WHAT YOU WILL DO → Print the data exactly. Pictures stay out.

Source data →
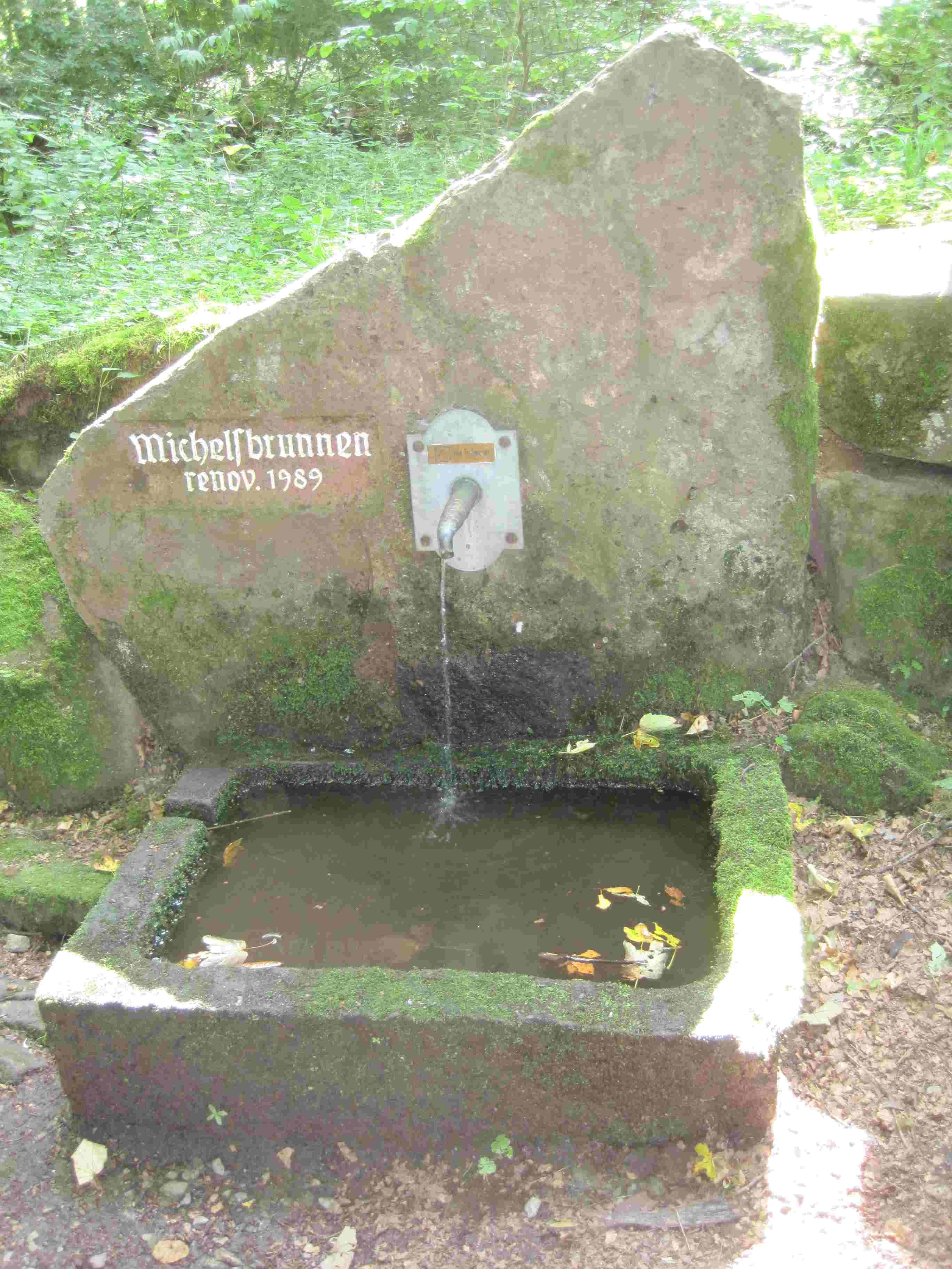 Unterer Michelsbrunnen (östlich des Kohlhofs, 1895 als Quelle gefaßt, vgl. Derwein 1940 Nr. 597); vgl. RNZ, 1. 7. 2009; vgl. Rombachbrunnen
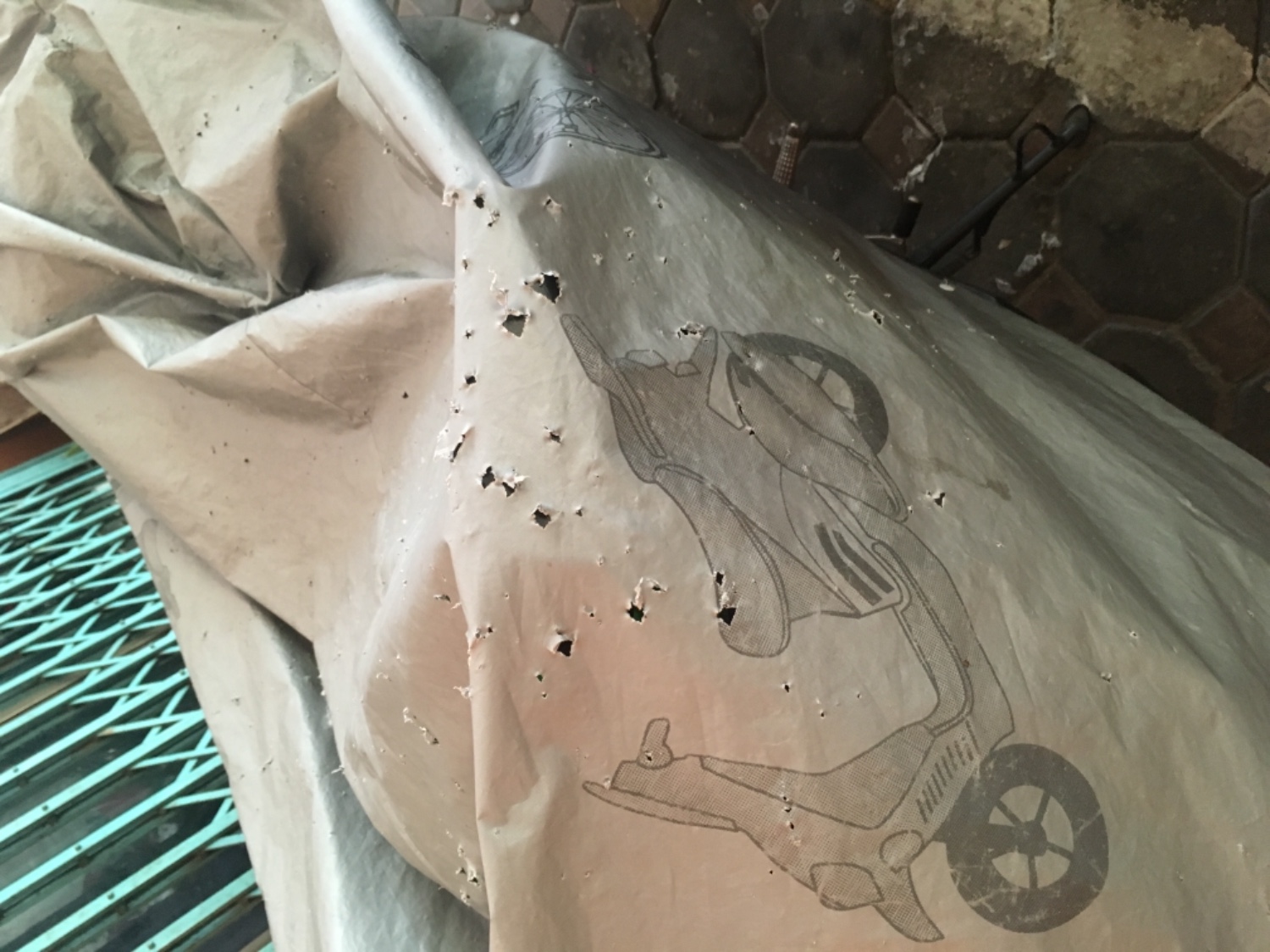 เจ้าแมวที่หอแฟนครับซนมาก มีเป็นแก็งค์ประมาณ 3-4 ตัว เห็นเบาะรถมอไซค์เราเป็นที่ฝนเล็บมัน ครั้งแรกยังพอให้อภัย แต่ก็มีครั้งที่สอง สาม สี่ ห้าตามมาให้เจ็บใจเล่น เอาซะยับเยินดูไม่ได้เลย ครั้นจะให้คลุมรถตล
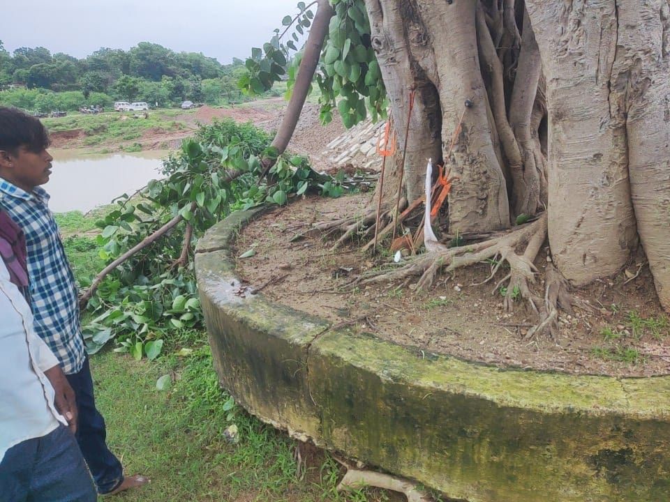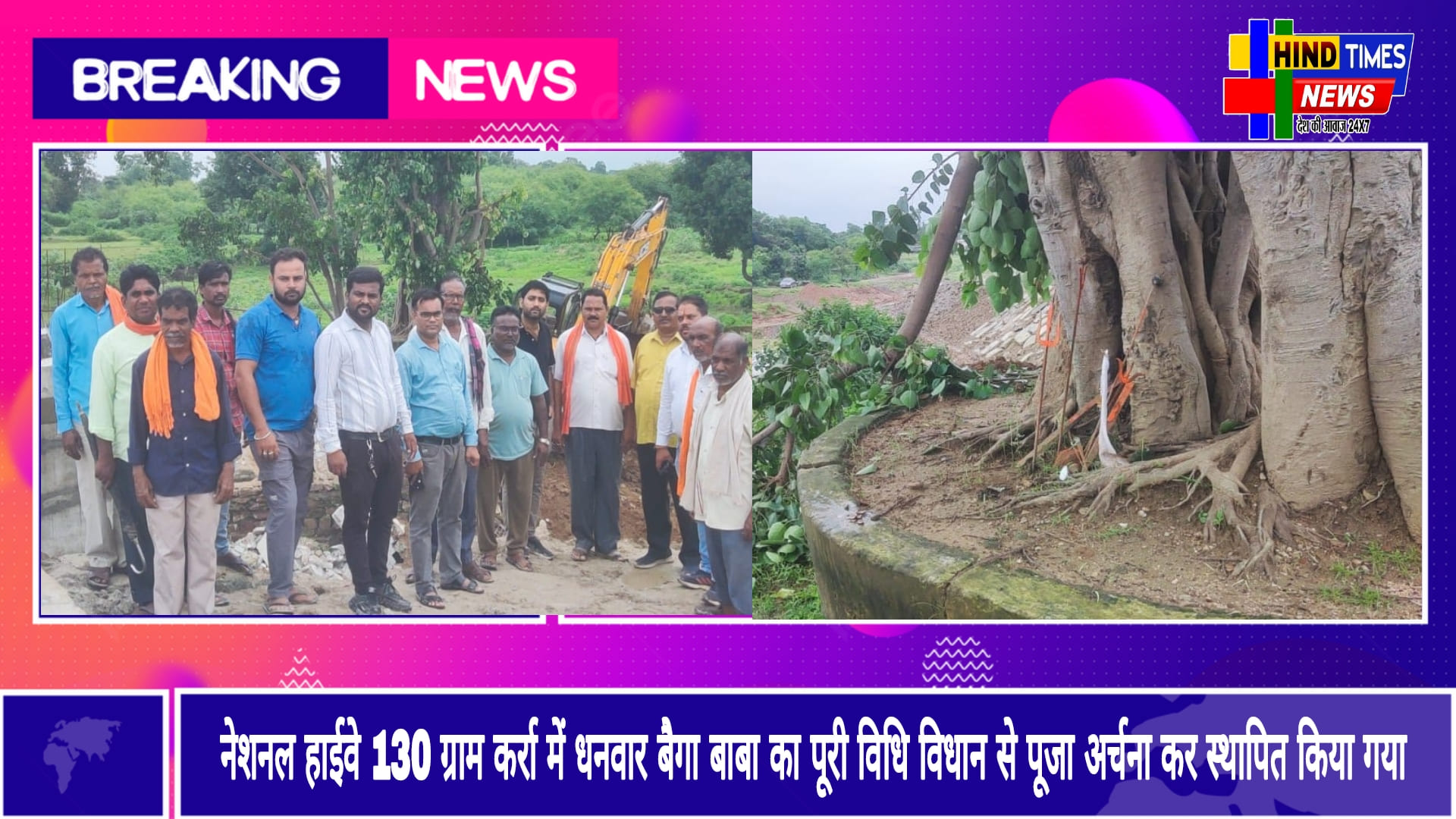Hindtimes news 24X7 मस्तुरी।नेशनल हाईवे क्र 130 में प्रभावित ग्राम कर्रा एवं लिमतरा मे स्थित धनवार बैगा एवं पीपल वृक्ष जो पूर्व मे स्थापित था|
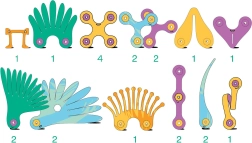 - Specialios detalės: sparnai, plunksnos, snapai; instrukcijų brošiūra
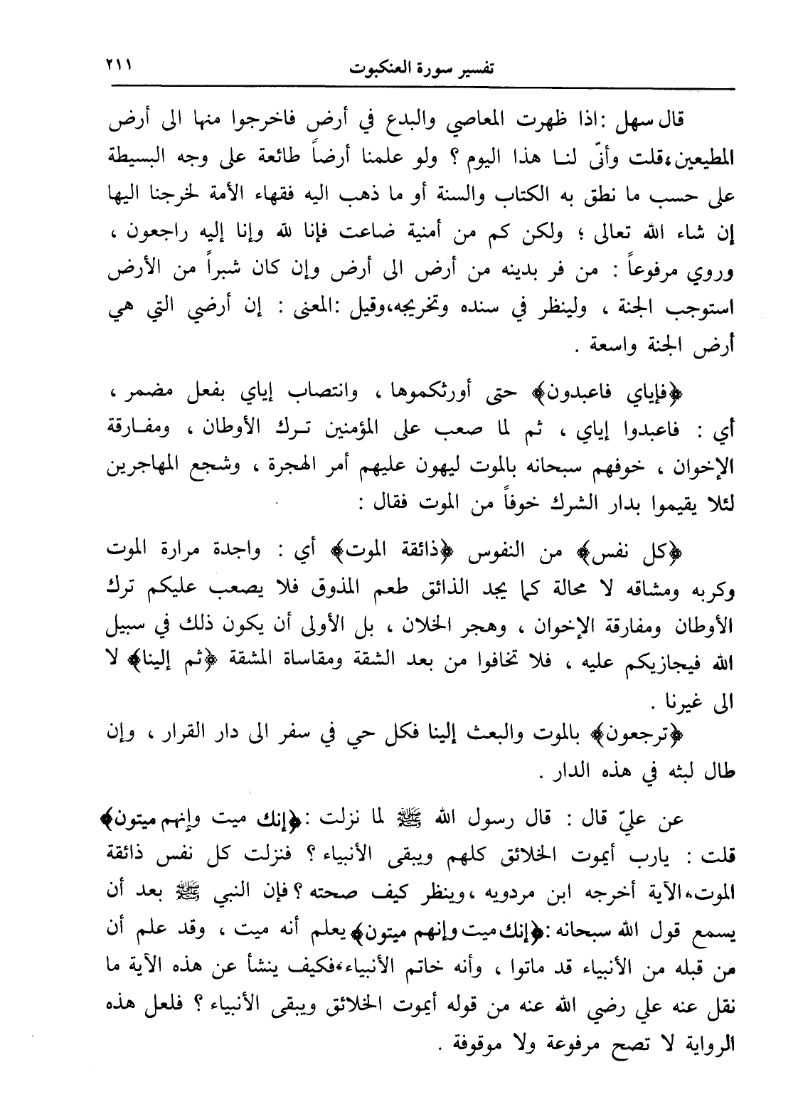 عن عليّ قال: قال رسول الله - صلى الله عليه وسلم - لما نزلت: (إنك ميت وإنهم ميتون) قلت: يا رب أيموت الخلائق كلهم ويبقى الأنبياء؟ فنزلت كل نفس ذائقة الموت، الآية أخرجه ابن مردويه، وينظر كيف صحته؟ فإن النبي - صلى الله عليه وسلم - بعد أن يسمع قول الله سبحانه: (إنك ميت وإنهم ميتون) يعلم أنه ميت، وقد علم أن من قبله من الأنبياء قد ماتوا، وأنه خاتم الأنبياء، فكيف ينشأ عن هذه الآية ما نقل عنه علي رضي الله عنه من قوله أيموت الخلائق ويبقى الأنبياء؟ فلعل هذه الرواية لا تصح مرفوعة ولا موقوفة.
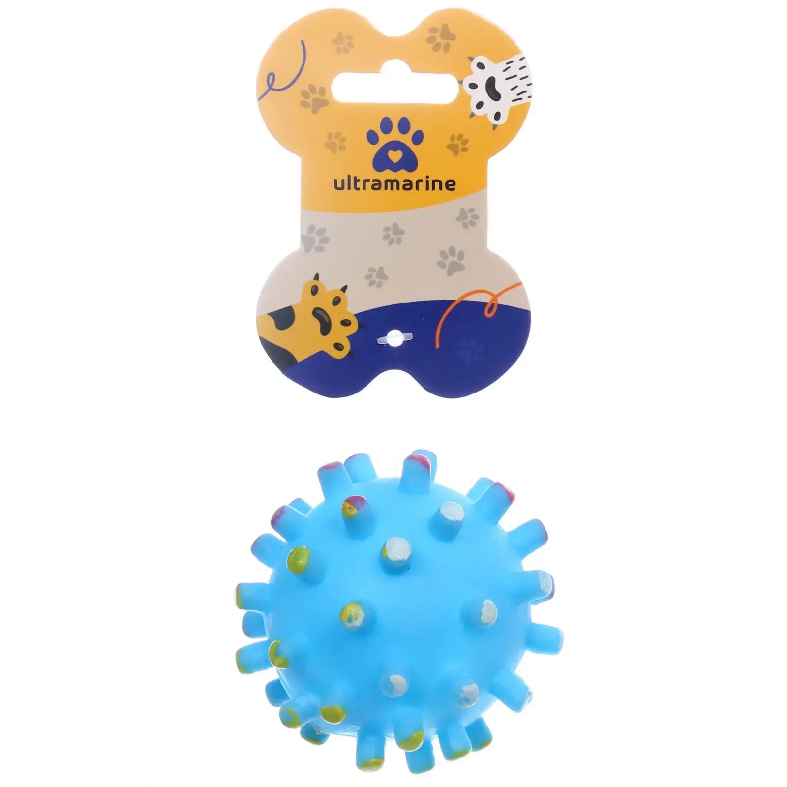 Мячик для собак «Зубочистик» с пищалкой, голубой, d 6,5см, для чистки зубов и массажа десен
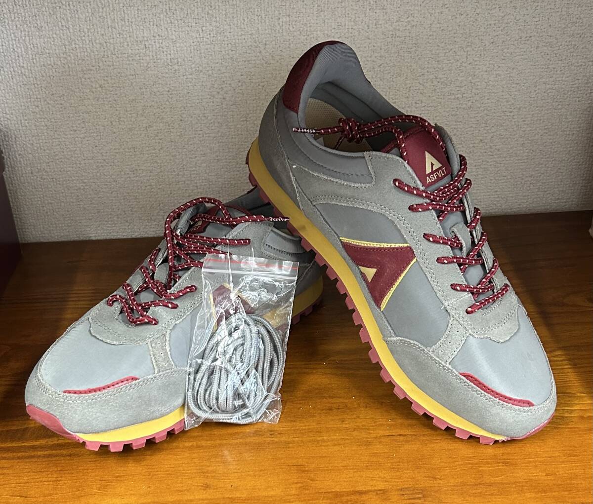 新品★フランスブランドの軽量スニーカー★グレイ・バーガンディ★27.0㎝

ANSWER FOR THE TASK →
 Unterer Michelsbrunnen (östlich des Kohlhofs, 1895 als Quelle gefaßt, vgl. Derwein 1940 Nr. 597); vgl. RNZ, 1. 7. 2009; vgl. Rombachbrunnen
 เจ้าแมวที่หอแฟนครับซนมาก มีเป็นแก็งค์ประมาณ 3-4 ตัว เห็นเบาะรถมอไซค์เราเป็นที่ฝนเล็บมัน ครั้งแรกยังพอให้อภัย แต่ก็มีครั้งที่สอง สาม สี่ ห้าตามมาให้เจ็บใจเล่น เอาซะยับเยินดูไม่ได้เลย ครั้นจะให้คลุมรถตล
Hindtimes news 24X7 मस्तुरी।नेशनल हाईवे क्र 130 में प्रभावित ग्राम कर्रा एवं लिमतरा मे स्थित धनवार बैगा एवं पीपल वृक्ष जो पूर्व मे स्थापित था|
 - Specialios detalės: sparnai, plunksnos, snapai; instrukcijų brošiūra
 عن عليّ قال: قال رسول الله - صلى الله عليه وسلم - لما نزلت: (إنك ميت وإنهم ميتون) قلت: يا رب أيموت الخلائق كلهم ويبقى الأنبياء؟ فنزلت كل نفس ذائقة الموت، الآية أخرجه ابن مردويه، وينظر كيف صحته؟ فإن النبي - صلى الله عليه وسلم - بعد أن يسمع قول الله سبحانه: (إنك ميت وإنهم ميتون) يعلم أنه ميت، وقد علم أن من قبله من الأنبياء قد ماتوا، وأنه خاتم الأنبياء، فكيف ينشأ عن هذه الآية ما نقل عنه علي رضي الله عنه من قوله أيموت الخلائق ويبقى الأنبياء؟ فلعل هذه الرواية لا تصح مرفوعة ولا موقوفة.
 Мячик для собак «Зубочистик» с пищалкой, голубой, d 6,5см, для чистки зубов и массажа десен
 新品★フランスブランドの軽量スニーカー★グレイ・バーガンディ★27.0㎝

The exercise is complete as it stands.